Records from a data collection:
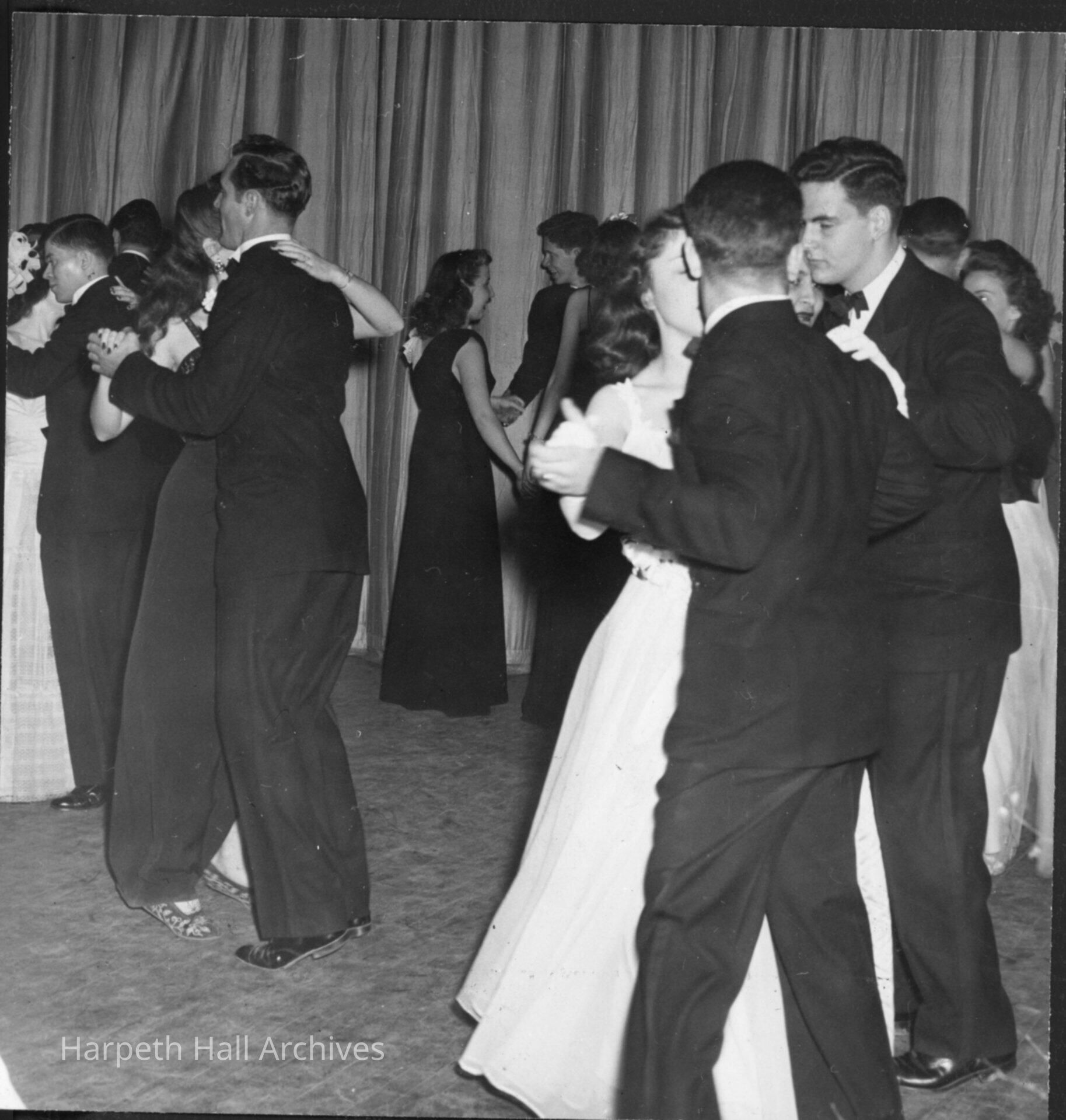Couples dancing. Women in formal gowns and men in suits or tuxedos. Picture appears in 1946 Milestones under caption, "Formal party fun."
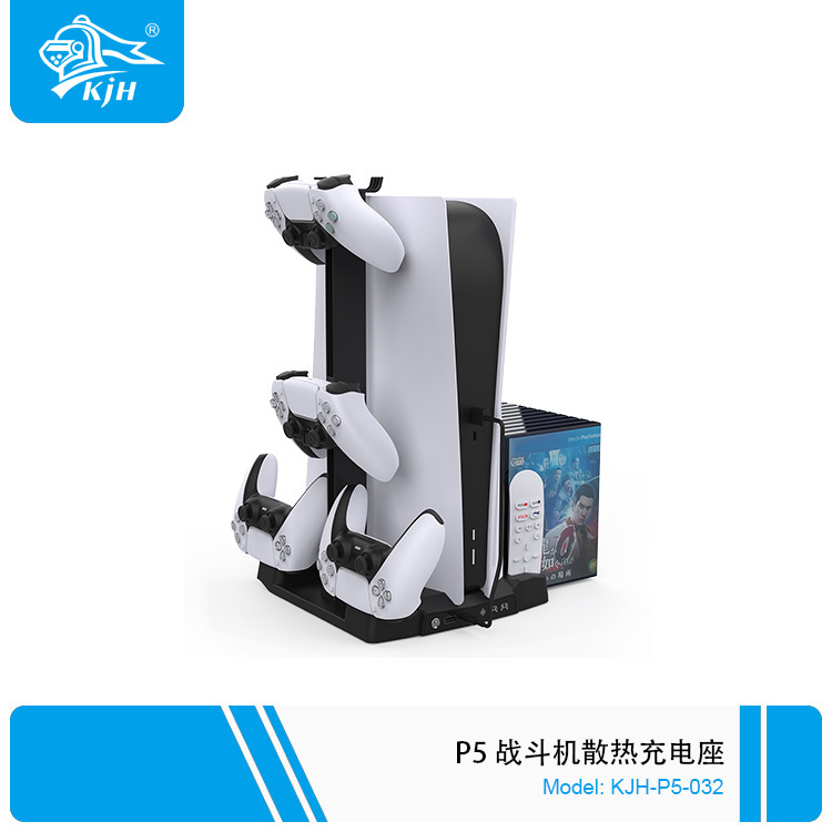 PS5 alas pendingin host fighter dengan rak penyimpanan cakram pegangan PS5 pengisi daya kursi ganda braket penyimpanan headset
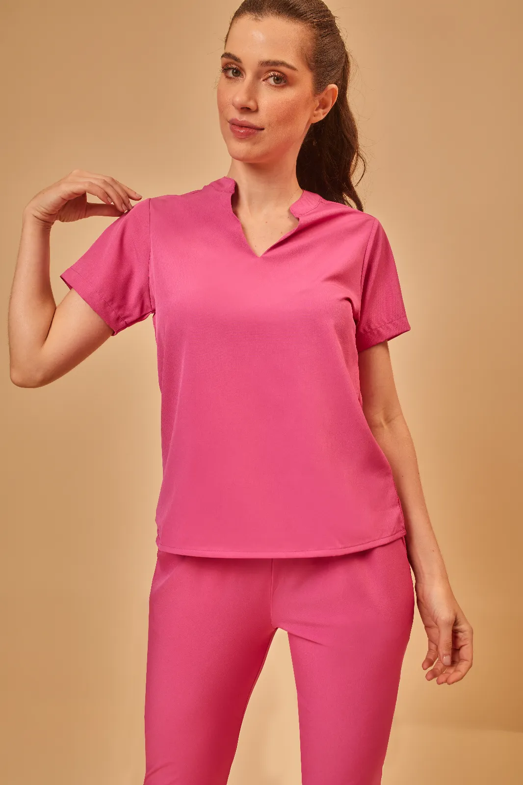 Blusa com gola padre e decote em V. Calça com cintura de elástico, dois bolsos frontais, um traseiro (lado direito) e barra com elástico, garantindo praticidade e mobilidade.
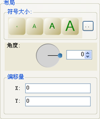 在布局编辑界面,用户可以设置所选符号类型的大小、旋转角度、偏移量。
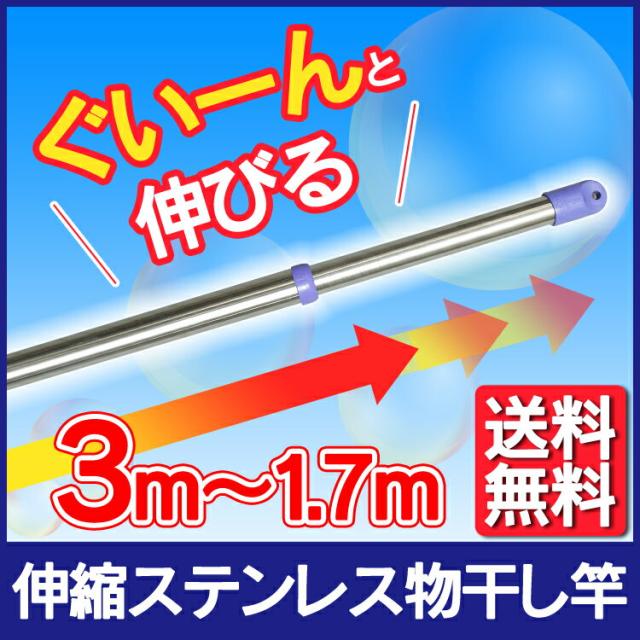 物干し竿 屋外 室内 伸縮 1.7〜3m ステンレス 丈夫 サビにくい ベランダ 物干し ベランダ物干し 洗濯物干し 室内物干し 部屋干し 梅雨 除湿機 サーキュレーター 伸縮竿 伸縮タイプ ステンレス物干し竿 アイリスオーヤマ SU-300 *
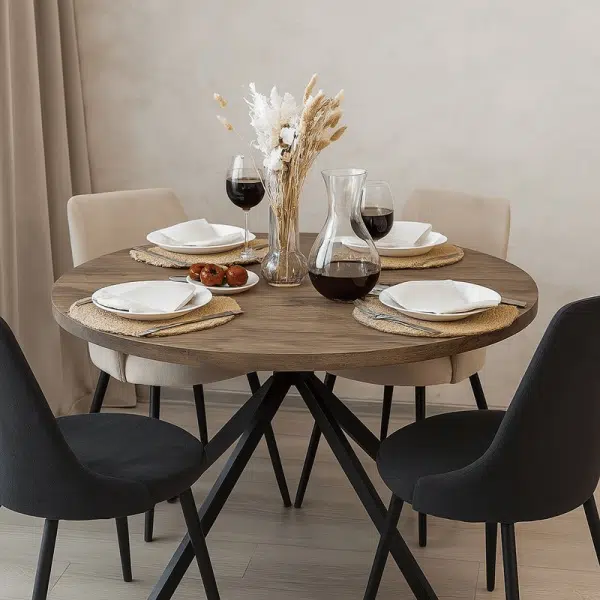 Трапезна маса LUDVIKA впечатлява със своята солидна конструкция и стилна визия. Кръглият плот с диаметър 120 см е изработен от MDF с дебелина 40 мм, който съчетава естетика и устойчивост. Металната основа на трапезна маса LUDVIKA е с прахово боядисано покритие което осигурява стабилност и модерен завършек.
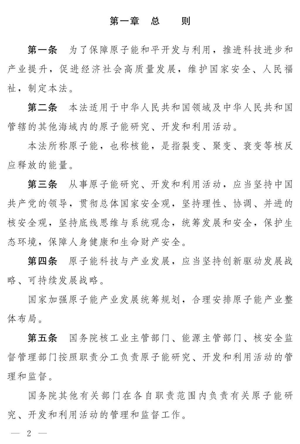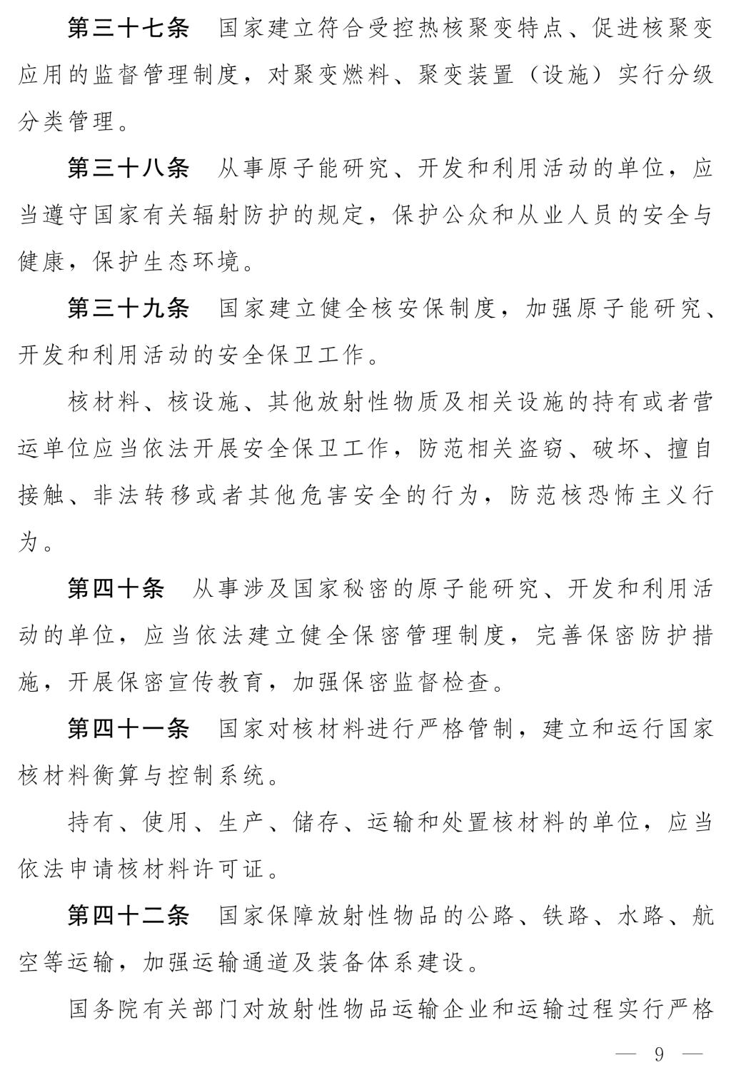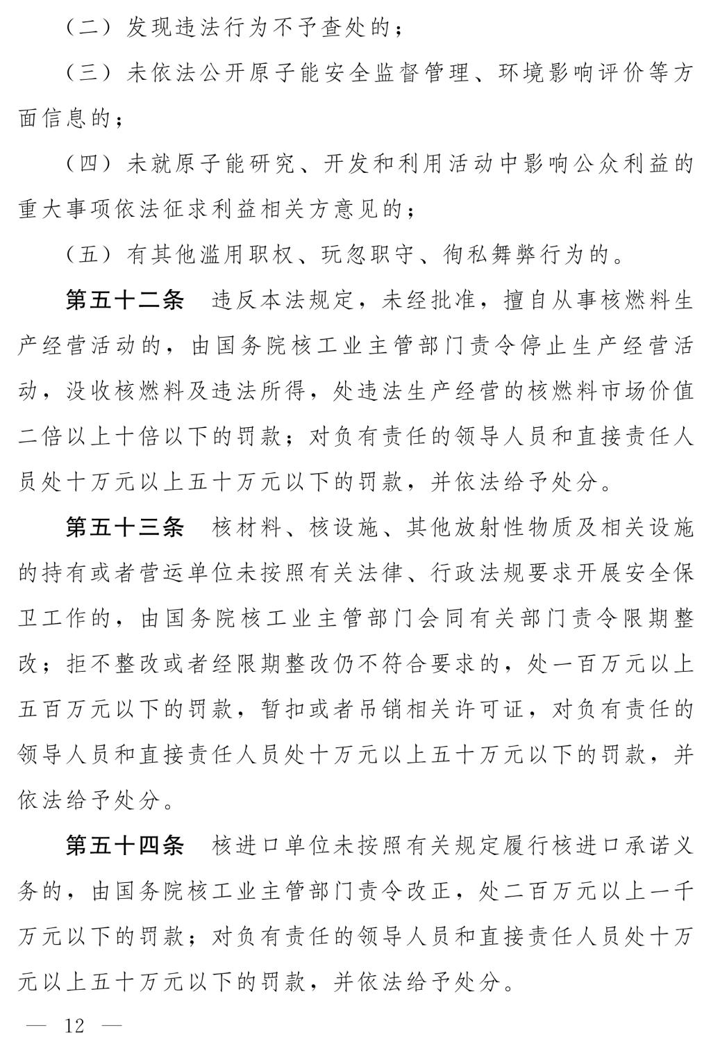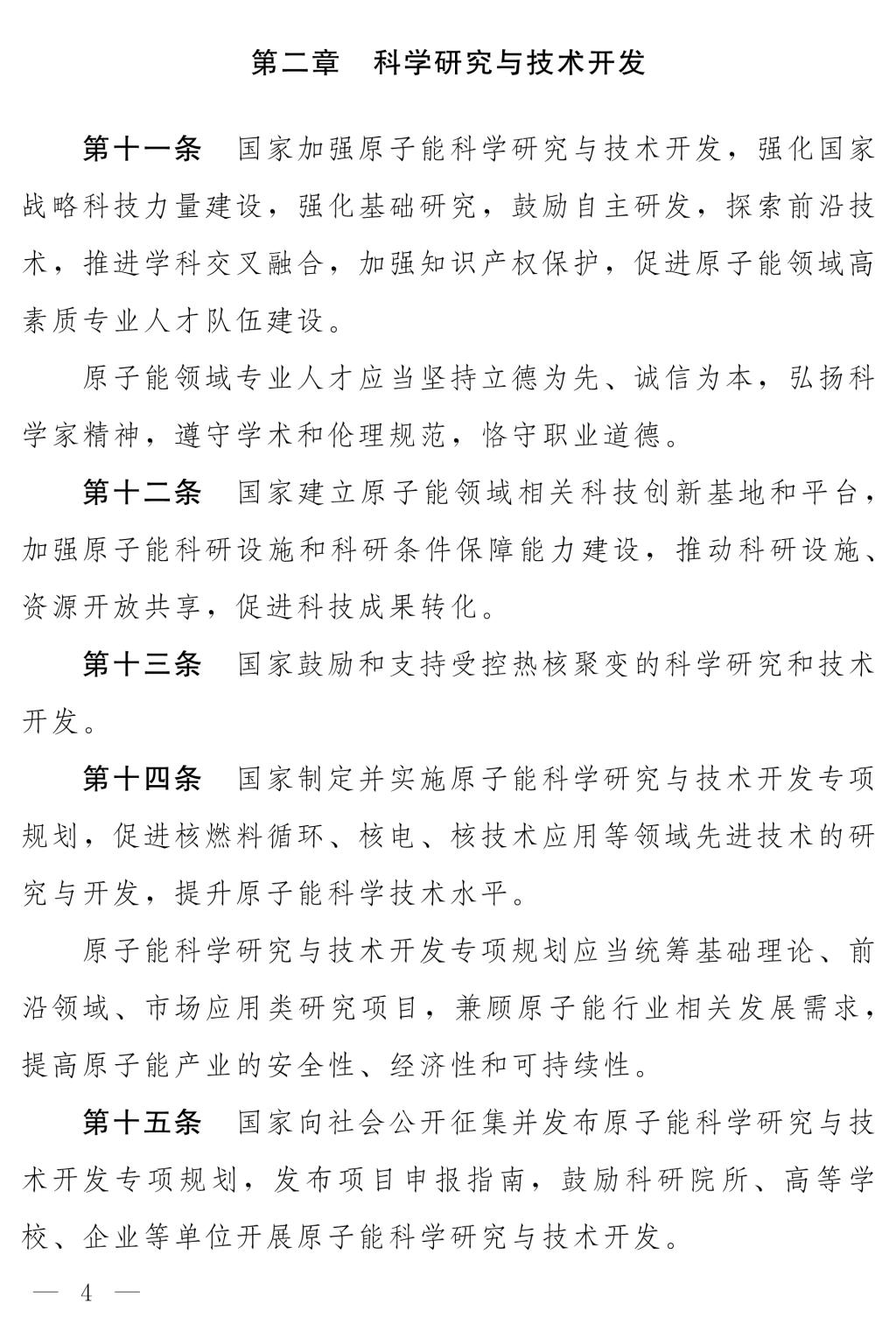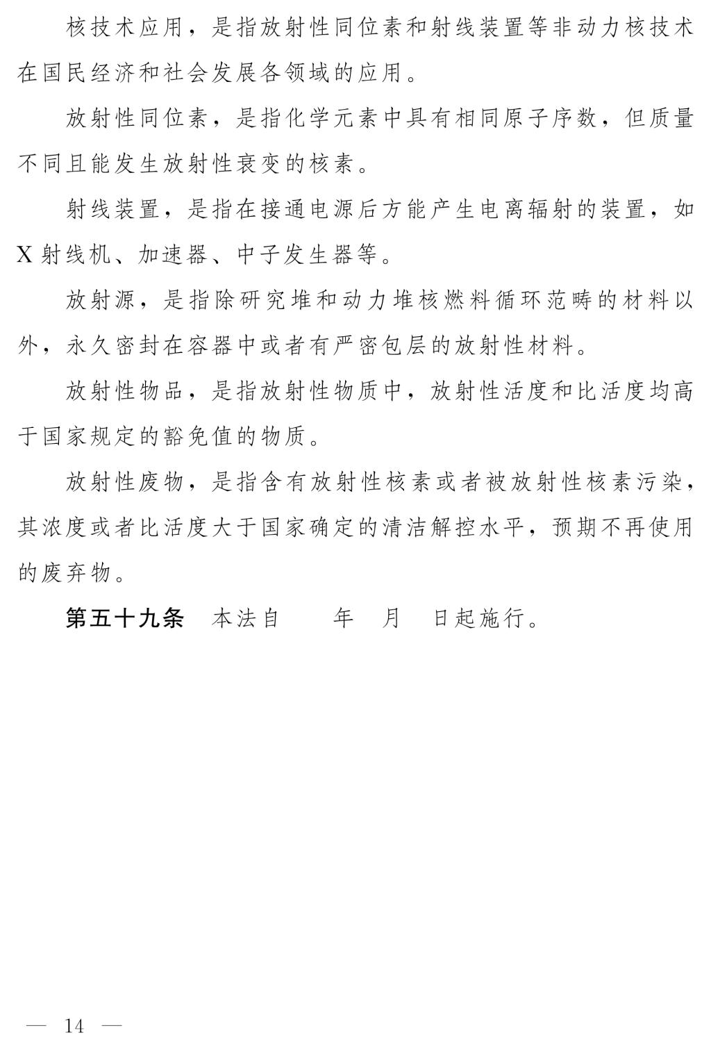 十四届全国人大常委会第十五次会议对《中华人民共和国原子能法(草案二次审议稿)》进行了审议。现将《中华人民共和国原子能法(草案二次审议稿)》公布,社会公众可以直接登录中国人大网(www.npc.gov.cn)或国家法律法规数据库(flk.npc.gov.cn)提出意见,也可以将意见寄送全国人大常委会法制工作委员会(北京市西城区前门西大街1号,邮编:100805。信封上请注明原子能法草案二次审议稿征求意见)。征求意见期限为30日。
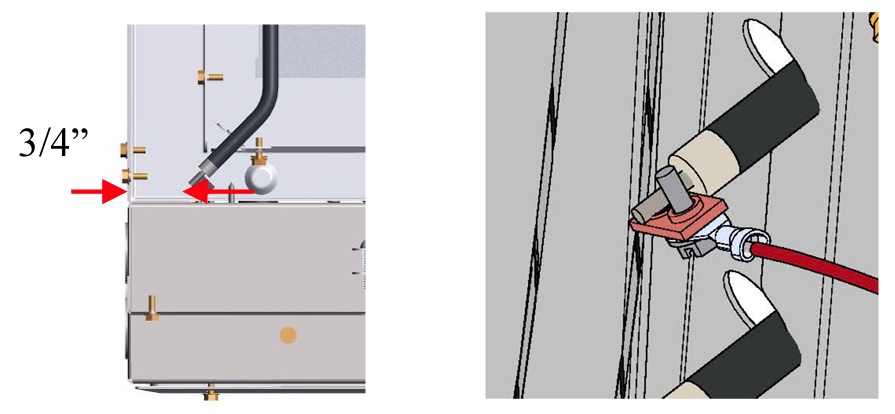 Required clearance between element termination and metal panels is 1/2" (3/4” nominal).
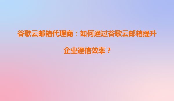 2025-08-22谷歌云郵箱代理商:如何通過谷歌云郵箱提升企業通信效率? 在當今快速發展的商業環境中,高效的企業通信是提升競爭力的關鍵因素之一。谷歌云郵箱(GoogleWorkspace,原GSuite)作為一款領先的企業級電子郵件...
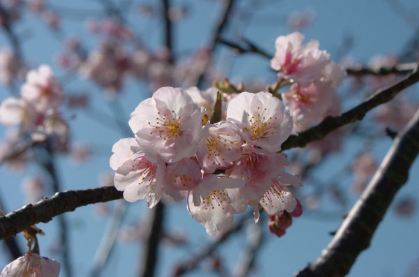 - 町内を流れる那賀川・岩科川沿いには、多くの桜が植えられています。 寒桜は見頃をすぎてしまいましたが、早咲きの桜が咲き始めました。
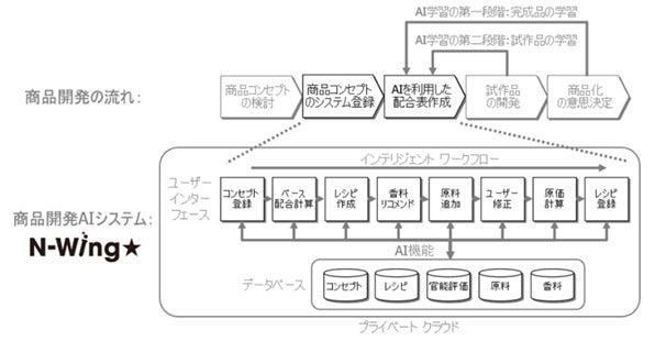 これまでサッポロビールのRTD新商品開発では、サプライヤーから得た原料情報を元に、過去のレシピ等を参照し、長年経験している開発者から情報収集も行うなど、時間と労力をかけて試行錯誤を繰り返して取り組んでいました。本システムは2021年11月よりテスト運用を開始(注2)し、本格実装に向けて協議・検証を続けてきましたが、このたび実装した「N-Wing★」は、これまで商品化した約170商品で検討した配合(約1,200種)や原料情報(約700種)を含むレシピを学習していて、新商品のコンセプトや必要な情報を入力すると、瞬時に目標とする配合の骨格をもとに原料の組合せ、各原料が商品全体の中に占める割合(配合量)まで予測し、推奨配合と推奨香料からなるレシピを出力します。開発担当者はこのレシピを参考にして必要な原料を調達し、試作品の開発を行います。「N-Wing★」が提示したレシピは、AIアルゴリズムにより人間では思い浮かばないような配合が創出されることが確認でき、今後も新しい原料・開発情報を繰り返し学習させることでレシピ配合の予測精度向上が期待されます。
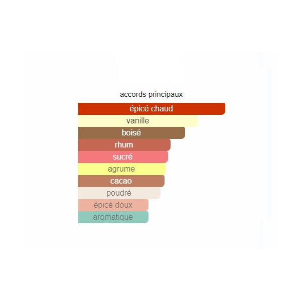 Les notes de tête sont Prune et Musc; les notes de coeur sont Bois blonds et Ciste; les notes de fond sont Vanille et Ambre.

**WHAT TO WORK ON:**
Exclude the pictures, and output exactly the lines from the one with "2025-08-22谷歌云郵" through the last line of the records, both included.

**TASK RESPONSE:**
 2025-08-22谷歌云郵箱代理商:如何通過谷歌云郵箱提升企業通信效率? 在當今快速發展的商業環境中,高效的企業通信是提升競爭力的關鍵因素之一。谷歌云郵箱(GoogleWorkspace,原GSuite)作為一款領先的企業級電子郵件...
 - 町内を流れる那賀川・岩科川沿いには、多くの桜が植えられています。 寒桜は見頃をすぎてしまいましたが、早咲きの桜が咲き始めました。
 これまでサッポロビールのRTD新商品開発では、サプライヤーから得た原料情報を元に、過去のレシピ等を参照し、長年経験している開発者から情報収集も行うなど、時間と労力をかけて試行錯誤を繰り返して取り組んでいました。本システムは2021年11月よりテスト運用を開始(注2)し、本格実装に向けて協議・検証を続けてきましたが、このたび実装した「N-Wing★」は、これまで商品化した約170商品で検討した配合(約1,200種)や原料情報(約700種)を含むレシピを学習していて、新商品のコンセプトや必要な情報を入力すると、瞬時に目標とする配合の骨格をもとに原料の組合せ、各原料が商品全体の中に占める割合(配合量)まで予測し、推奨配合と推奨香料からなるレシピを出力します。開発担当者はこのレシピを参考にして必要な原料を調達し、試作品の開発を行います。「N-Wing★」が提示したレシピは、AIアルゴリズムにより人間では思い浮かばないような配合が創出されることが確認でき、今後も新しい原料・開発情報を繰り返し学習させることでレシピ配合の予測精度向上が期待されます。
 Les notes de tête sont Prune et Musc; les notes de coeur sont Bois blonds et Ciste; les notes de fond sont Vanille et Ambre.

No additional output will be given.